TASK MATERIAL »
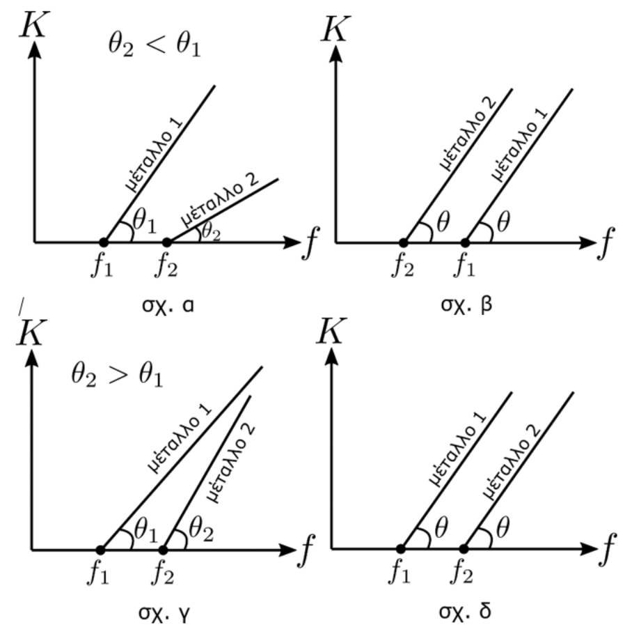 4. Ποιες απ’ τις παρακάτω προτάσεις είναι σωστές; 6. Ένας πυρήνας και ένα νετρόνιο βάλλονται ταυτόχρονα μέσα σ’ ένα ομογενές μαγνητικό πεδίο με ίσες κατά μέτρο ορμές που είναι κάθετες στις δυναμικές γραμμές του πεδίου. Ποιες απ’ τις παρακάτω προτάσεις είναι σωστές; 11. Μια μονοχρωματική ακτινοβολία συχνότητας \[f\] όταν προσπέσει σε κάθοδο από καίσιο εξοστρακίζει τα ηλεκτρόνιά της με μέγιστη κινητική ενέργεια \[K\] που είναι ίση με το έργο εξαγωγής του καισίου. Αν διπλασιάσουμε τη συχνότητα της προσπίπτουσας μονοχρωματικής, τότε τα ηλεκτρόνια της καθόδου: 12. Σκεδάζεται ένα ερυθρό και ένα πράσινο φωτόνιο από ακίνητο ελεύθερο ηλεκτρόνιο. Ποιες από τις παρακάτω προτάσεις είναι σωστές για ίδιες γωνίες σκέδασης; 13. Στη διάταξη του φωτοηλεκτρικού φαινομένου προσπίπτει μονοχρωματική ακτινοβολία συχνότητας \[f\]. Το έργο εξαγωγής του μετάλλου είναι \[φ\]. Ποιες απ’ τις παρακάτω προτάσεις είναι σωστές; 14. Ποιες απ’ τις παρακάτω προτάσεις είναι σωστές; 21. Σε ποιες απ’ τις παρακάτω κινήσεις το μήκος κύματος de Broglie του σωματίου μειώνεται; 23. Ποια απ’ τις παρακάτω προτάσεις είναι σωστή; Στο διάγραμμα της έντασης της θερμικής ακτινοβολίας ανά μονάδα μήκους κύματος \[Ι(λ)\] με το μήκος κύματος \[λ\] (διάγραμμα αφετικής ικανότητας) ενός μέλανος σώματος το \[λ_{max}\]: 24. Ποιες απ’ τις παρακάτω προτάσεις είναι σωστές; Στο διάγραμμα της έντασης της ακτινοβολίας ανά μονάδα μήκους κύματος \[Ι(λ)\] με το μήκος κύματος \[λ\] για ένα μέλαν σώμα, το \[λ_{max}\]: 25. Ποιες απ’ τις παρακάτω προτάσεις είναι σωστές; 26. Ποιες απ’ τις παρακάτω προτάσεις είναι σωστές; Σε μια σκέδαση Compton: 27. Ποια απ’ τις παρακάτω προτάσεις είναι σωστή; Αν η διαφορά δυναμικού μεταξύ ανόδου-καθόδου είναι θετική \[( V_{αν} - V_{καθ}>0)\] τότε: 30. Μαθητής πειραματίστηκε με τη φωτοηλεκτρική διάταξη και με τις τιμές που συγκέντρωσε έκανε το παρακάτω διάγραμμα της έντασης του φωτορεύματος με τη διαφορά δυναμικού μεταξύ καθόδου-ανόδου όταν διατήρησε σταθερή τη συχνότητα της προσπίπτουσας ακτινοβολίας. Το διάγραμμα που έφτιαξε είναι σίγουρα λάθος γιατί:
* * *
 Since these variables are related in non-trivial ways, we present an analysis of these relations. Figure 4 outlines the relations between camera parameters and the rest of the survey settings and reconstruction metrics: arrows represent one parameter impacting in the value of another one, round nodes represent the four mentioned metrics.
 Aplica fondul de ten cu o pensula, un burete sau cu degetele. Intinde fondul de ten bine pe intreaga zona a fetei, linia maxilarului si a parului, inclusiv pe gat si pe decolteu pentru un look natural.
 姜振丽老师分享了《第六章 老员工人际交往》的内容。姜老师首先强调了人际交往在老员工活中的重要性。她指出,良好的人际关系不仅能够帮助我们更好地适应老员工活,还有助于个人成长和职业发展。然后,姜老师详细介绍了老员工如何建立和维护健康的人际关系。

YOUR ASSIGNMENT » Could you restate, word for word, the lines above from the one with "Aplica fondul de" to the one with "姜振丽老师分享了《第六章 老", both included?

WRITTEN RESPONSE »
 Aplica fondul de ten cu o pensula, un burete sau cu degetele. Intinde fondul de ten bine pe intreaga zona a fetei, linia maxilarului si a parului, inclusiv pe gat si pe decolteu pentru un look natural.
 姜振丽老师分享了《第六章 老员工人际交往》的内容。姜老师首先强调了人际交往在老员工活中的重要性。她指出,良好的人际关系不仅能够帮助我们更好地适应老员工活,还有助于个人成长和职业发展。然后,姜老师详细介绍了老员工如何建立和维护健康的人际关系。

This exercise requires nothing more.